Goal of the exercise = Line by line, copy the records below exactly and leave the pictures out.

Stored items from a collection
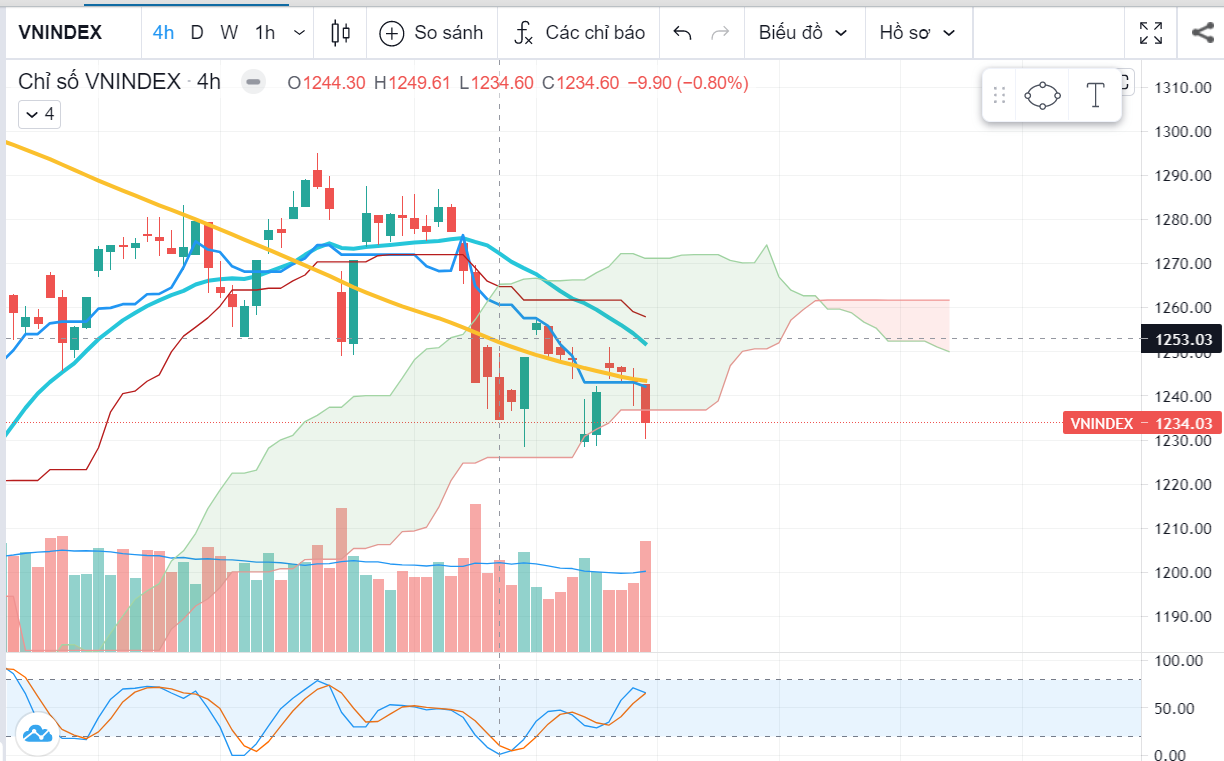 nay chart 1h đã rớt qua baseline → tín hiệu xấu
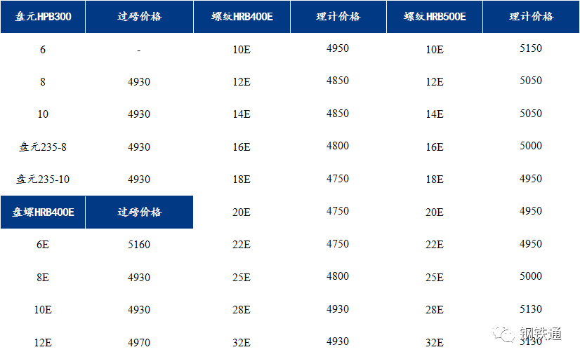 2、盤(pán)螺平穩(wěn):HRB400EΦ8-10mm盤(pán)螺指導(dǎo)價(jià)格為4940元,6mm加價(jià)500元/噸;
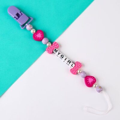 Держатель для соски — пустышки M&B «My girl». Прищепка для пустышки предотвратит потерю маленького предмета. Используйте специальный держатель, и соска всегда будет под рукой! Изделие фиксируется на одежде ребенка. На конце цепочки есть карабин, который зацепляется за кольцо пустышки. Надежное крепление убережет вещь от падения на пол, если малютка случайно выронит ее изо рта. С держателем можно играть, притягательный дизайн точно понравится малышу. Товар изготовлен из качественного нетоксичного материала. Подходит для деток с рождения.
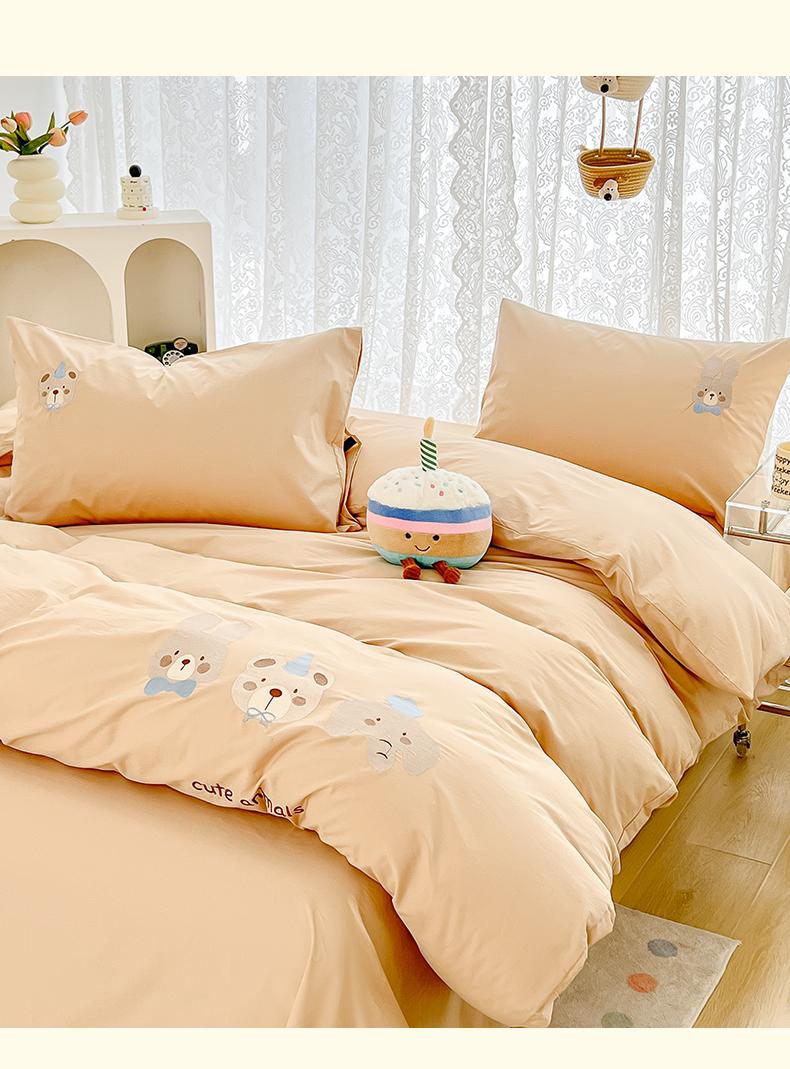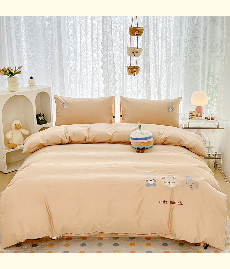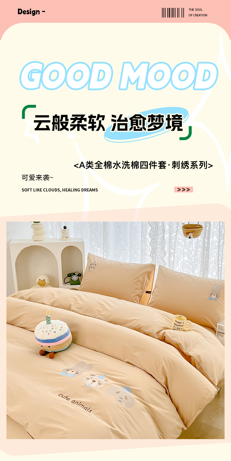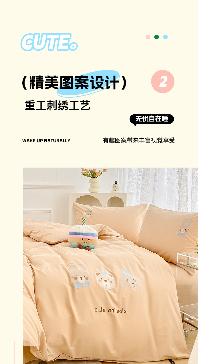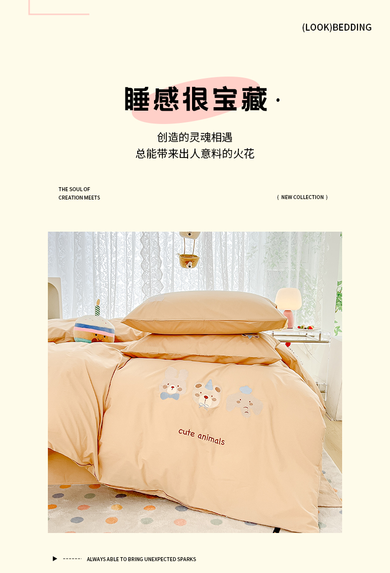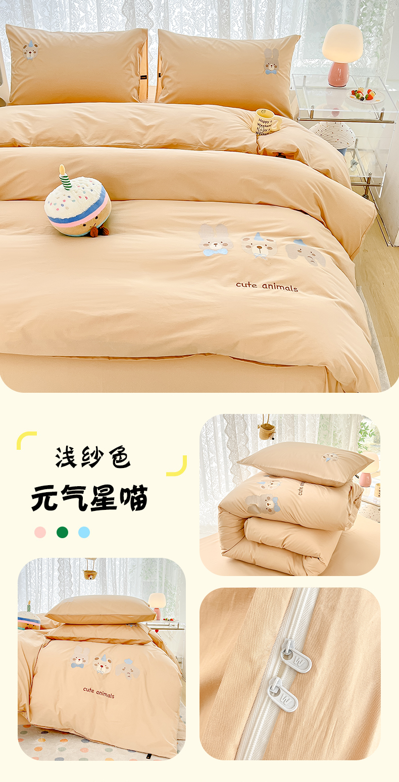 当前位置: 91家纺网 > 商品网购 > 床品套件 > 四件套 > 全棉普通四件套 > 曼町家居 2025春夏新款40支全棉纯棉水洗棉刺绣四件套 元气星喵-浅纱色
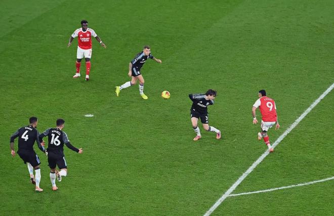 随后的比赛成为了阿森纳的进攻表演。第52分钟,厄德高精妙直塞,苏维门迪捅射破门;第69分钟,特罗萨德远射得手;第78分钟,刚刚替补登场的热苏斯第一次触球便完成进球。
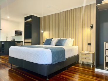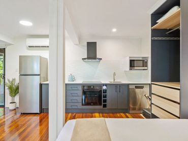 Including, Wall Oven, induction cooktop, microwave and full-sized fridge for easy self-catering.
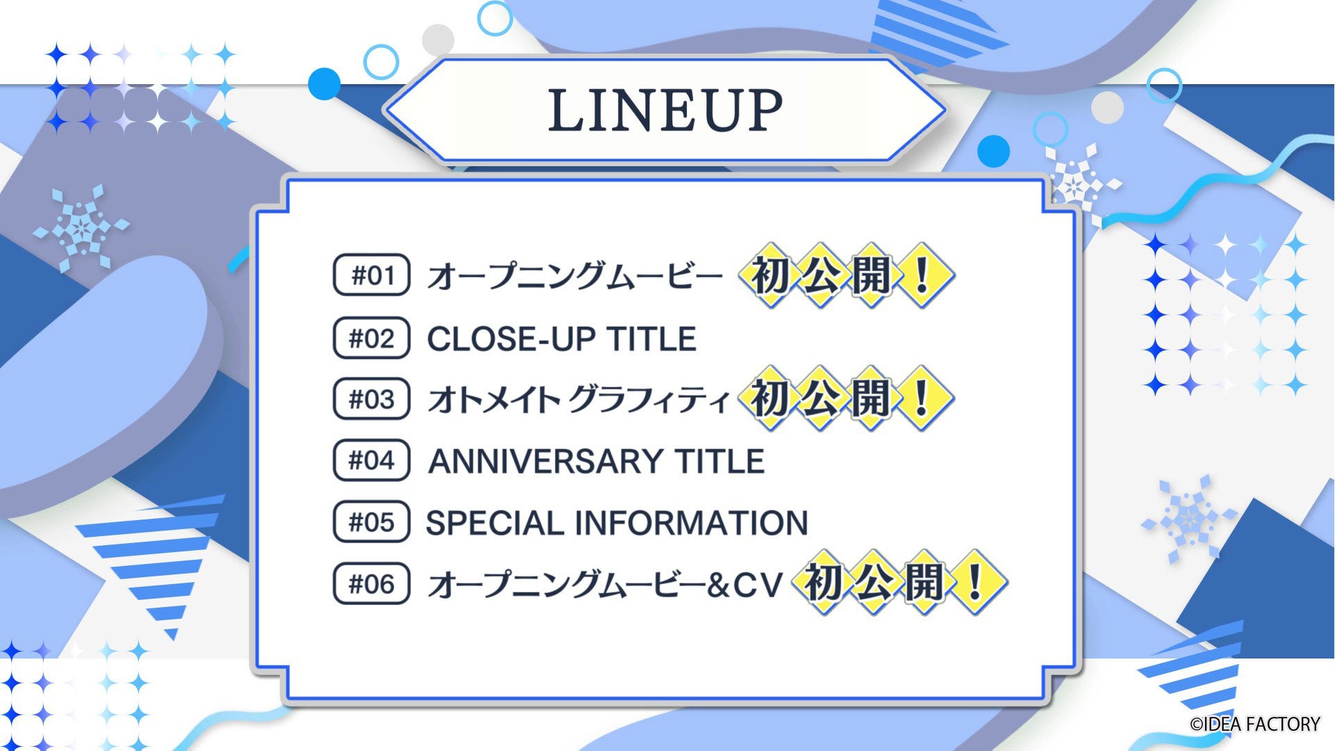 過去発表したタイトルなどをクローズアップやプレゼント企画など見逃がせない情報をまとめた配信番組です。

Final answer =
 nay chart 1h đã rớt qua baseline → tín hiệu xấu
 2、盤(pán)螺平穩(wěn):HRB400EΦ8-10mm盤(pán)螺指導(dǎo)價(jià)格為4940元,6mm加價(jià)500元/噸;
 Держатель для соски — пустышки M&B «My girl». Прищепка для пустышки предотвратит потерю маленького предмета. Используйте специальный держатель, и соска всегда будет под рукой! Изделие фиксируется на одежде ребенка. На конце цепочки есть карабин, который зацепляется за кольцо пустышки. Надежное крепление убережет вещь от падения на пол, если малютка случайно выронит ее изо рта. С держателем можно играть, притягательный дизайн точно понравится малышу. Товар изготовлен из качественного нетоксичного материала. Подходит для деток с рождения.
 当前位置: 91家纺网 > 商品网购 > 床品套件 > 四件套 > 全棉普通四件套 > 曼町家居 2025春夏新款40支全棉纯棉水洗棉刺绣四件套 元气星喵-浅纱色
 随后的比赛成为了阿森纳的进攻表演。第52分钟,厄德高精妙直塞,苏维门迪捅射破门;第69分钟,特罗萨德远射得手;第78分钟,刚刚替补登场的热苏斯第一次触球便完成进球。
 Including, Wall Oven, induction cooktop, microwave and full-sized fridge for easy self-catering.
 過去発表したタイトルなどをクローズアップやプレゼント企画など見逃がせない情報をまとめた配信番組です。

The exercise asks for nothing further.